Problem statement »
Make an exact copy of the whole listing, but leave its pictures out.

Data section »

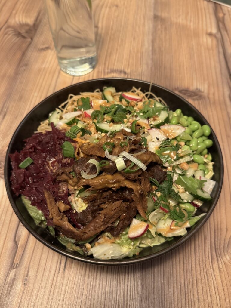 Essenstechnisch gab es bei uns den Beyond Meat Burger, die Bowl mit planted.Ente und die vegane Glasnudel Bowl. Alle Gerichte waren nicht nur optisch ein Highlight, sondern auch geschmacklich richtig stark: würzig, frisch, ausgewogen und absolut sättigend. Gerade die veganen Optionen zeigen, wie viel Liebe und Kreativität in der Küche steckt – hier wird pflanzlich nicht einfach „weggelassen“, sondern bewusst neu gedacht.
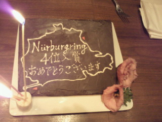 食事もワインも美味しかった! ニュルブルクリンクのコースを描いたケーキをお店の方が作ってくださいました。 デザートがまたイケル! 左下のケーキのかけらは、それぞれドライバーが一番好きなコーナーの部分を切り取って食べました。 ちょっと分かりにくいのですが、ボクが好きなのはオールドコースの最後にある長いストレート。 その先にGPコースと連結される高速S字です。 減速しすぎるとロスするし、ミスると確実にクラッシュします。 でも、決まったときの気分は最高! ここはGT5でも得意なんです。(GT5ではここだけなんですが) 今回のレースでの収穫は、フィニッシュする最後までエンジンとトランスミッションのフィーリングにまったく変化がなかったことです。 しかもトランスミッションは8速のAT(オートマチック)。 エンジンもATもラインから生産されたどノーマルです。 ハンドリングも素晴らしかったこと、VLNという4時間の耐久レースに数回出場して実戦での準備を進めたのですが、回を追うごとにラップタイムが速くなり、BMWなどからマークされ始めたこと。 そんな話に花が咲きました。 レクサスさん、ありがとうございました。
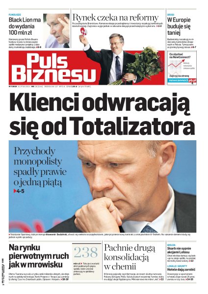Inwestorzy przyjęli wyniki głosowania bez entuzjazmu – wiedzą, że to nie prezydent ma obniżać deficyt; sejmowe komisje są gotowe do pracy nad ustawami gospodarczymi; w pierwszym półroczu na gry i loterie państwowej spółki klienci wydali aż około 300 mln zł mniej niż przed rokiem; firmy budowlane narzekają na niskie ceny kontraktów drogowych; Azoty mogą przejąć pomorskiego producenta nawozów; gwarantowana stopa zwrotu z wynajmu apartamentu w condhotelu to 25 proc. w ciągu 3 lat; konsorcjum firm Acciona Infraestructuras i Mostostal Warszawa zmodernizuje dworzec Gdynia Główna; Dariusz Lubera, który od dwóch lat kieruje Tauronem, powinien próbować pozytywnie zaskoczyć rynek efektywnością operacyjną grupy.
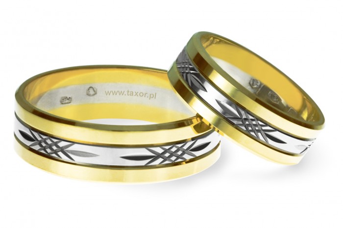 Ponadczasowe, proste i jednocześnie bardzo eleganckie obrączki o szerokości 6 mm wykonane z białego i żółtego złota w technologii bezszwowej. Na środkowym pierścieniu ozdobne nacięcia. To jeden ze wzorów, który niezmiennie cieszy się dużym powodzeniem. Powierzchnia polerowana. W tym wzorze nie przewidujemy oprawy kamieni.
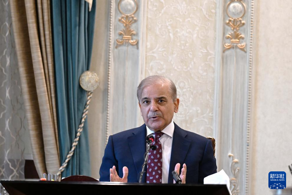 10月2日,巴基斯坦總理夏巴茲·謝里夫在伊斯蘭堡接受媒體采訪。新華社發(fā)(艾哈邁德·卡邁勒攝)

Response to the task »
 Essenstechnisch gab es bei uns den Beyond Meat Burger, die Bowl mit planted.Ente und die vegane Glasnudel Bowl. Alle Gerichte waren nicht nur optisch ein Highlight, sondern auch geschmacklich richtig stark: würzig, frisch, ausgewogen und absolut sättigend. Gerade die veganen Optionen zeigen, wie viel Liebe und Kreativität in der Küche steckt – hier wird pflanzlich nicht einfach „weggelassen“, sondern bewusst neu gedacht.
 食事もワインも美味しかった! ニュルブルクリンクのコースを描いたケーキをお店の方が作ってくださいました。 デザートがまたイケル! 左下のケーキのかけらは、それぞれドライバーが一番好きなコーナーの部分を切り取って食べました。 ちょっと分かりにくいのですが、ボクが好きなのはオールドコースの最後にある長いストレート。 その先にGPコースと連結される高速S字です。 減速しすぎるとロスするし、ミスると確実にクラッシュします。 でも、決まったときの気分は最高! ここはGT5でも得意なんです。(GT5ではここだけなんですが) 今回のレースでの収穫は、フィニッシュする最後までエンジンとトランスミッションのフィーリングにまったく変化がなかったことです。 しかもトランスミッションは8速のAT(オートマチック)。 エンジンもATもラインから生産されたどノーマルです。 ハンドリングも素晴らしかったこと、VLNという4時間の耐久レースに数回出場して実戦での準備を進めたのですが、回を追うごとにラップタイムが速くなり、BMWなどからマークされ始めたこと。 そんな話に花が咲きました。 レクサスさん、ありがとうございました。
Inwestorzy przyjęli wyniki głosowania bez entuzjazmu – wiedzą, że to nie prezydent ma obniżać deficyt; sejmowe komisje są gotowe do pracy nad ustawami gospodarczymi; w pierwszym półroczu na gry i loterie państwowej spółki klienci wydali aż około 300 mln zł mniej niż przed rokiem; firmy budowlane narzekają na niskie ceny kontraktów drogowych; Azoty mogą przejąć pomorskiego producenta nawozów; gwarantowana stopa zwrotu z wynajmu apartamentu w condhotelu to 25 proc. w ciągu 3 lat; konsorcjum firm Acciona Infraestructuras i Mostostal Warszawa zmodernizuje dworzec Gdynia Główna; Dariusz Lubera, który od dwóch lat kieruje Tauronem, powinien próbować pozytywnie zaskoczyć rynek efektywnością operacyjną grupy.
 Ponadczasowe, proste i jednocześnie bardzo eleganckie obrączki o szerokości 6 mm wykonane z białego i żółtego złota w technologii bezszwowej. Na środkowym pierścieniu ozdobne nacięcia. To jeden ze wzorów, który niezmiennie cieszy się dużym powodzeniem. Powierzchnia polerowana. W tym wzorze nie przewidujemy oprawy kamieni.
 10月2日,巴基斯坦總理夏巴茲·謝里夫在伊斯蘭堡接受媒體采訪。新華社發(fā)(艾哈邁德·卡邁勒攝)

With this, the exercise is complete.